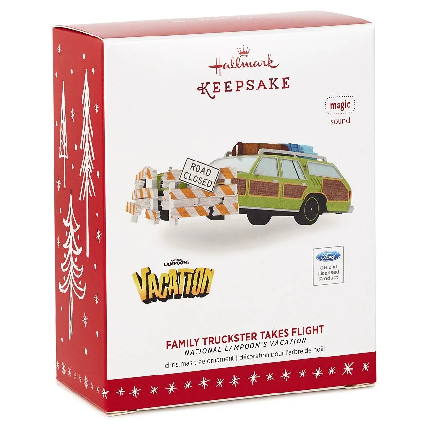 “Every summer Clark Griswold took his family on a little trip. One year, he went too far. Relive the Walley World-bound hilarity of National Lampoon’s Vacation with this Keepsake Ornament, a twisted tribute to the worst family vacation ever. Learn more about Keepsake Ornaments.
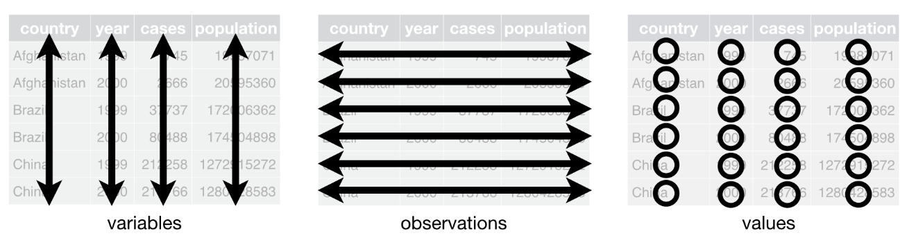 cols: Columns to reshape (the ones with repeated measurements)names_to: Name for the new column that will hold the old column namesvalues_to: Name for the new column that will hold the valuesThink of it as “unpacking”
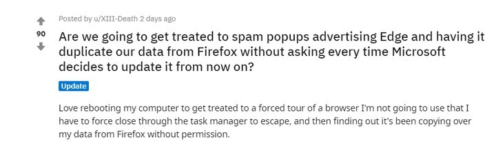 Một số người dùng đã xác nhận trên mạng Reddit, tình trạng này đang xảy ra trên máy tính của họ. Một vài người dùng chia sẻ rằng, họ cảm thấy khó chịu khi bị buộc phải trải nghiệm trình duyệt mặc định mới. Kết cục là họ buộc phải tắt trình duyệt qua Task Manager trước khi phát hiện ra bí mật trên.
──────────
TASK REQUIREMENTS: Starting with the line that holds "cols: Columns to", transcribe exactly each line through the last one of the material above, and nothing else. Do not include pictures.

ANSWER FOR THIS EXERCISE:
 cols: Columns to reshape (the ones with repeated measurements)names_to: Name for the new column that will hold the old column namesvalues_to: Name for the new column that will hold the valuesThink of it as “unpacking”
 Một số người dùng đã xác nhận trên mạng Reddit, tình trạng này đang xảy ra trên máy tính của họ. Một vài người dùng chia sẻ rằng, họ cảm thấy khó chịu khi bị buộc phải trải nghiệm trình duyệt mặc định mới. Kết cục là họ buộc phải tắt trình duyệt qua Task Manager trước khi phát hiện ra bí mật trên.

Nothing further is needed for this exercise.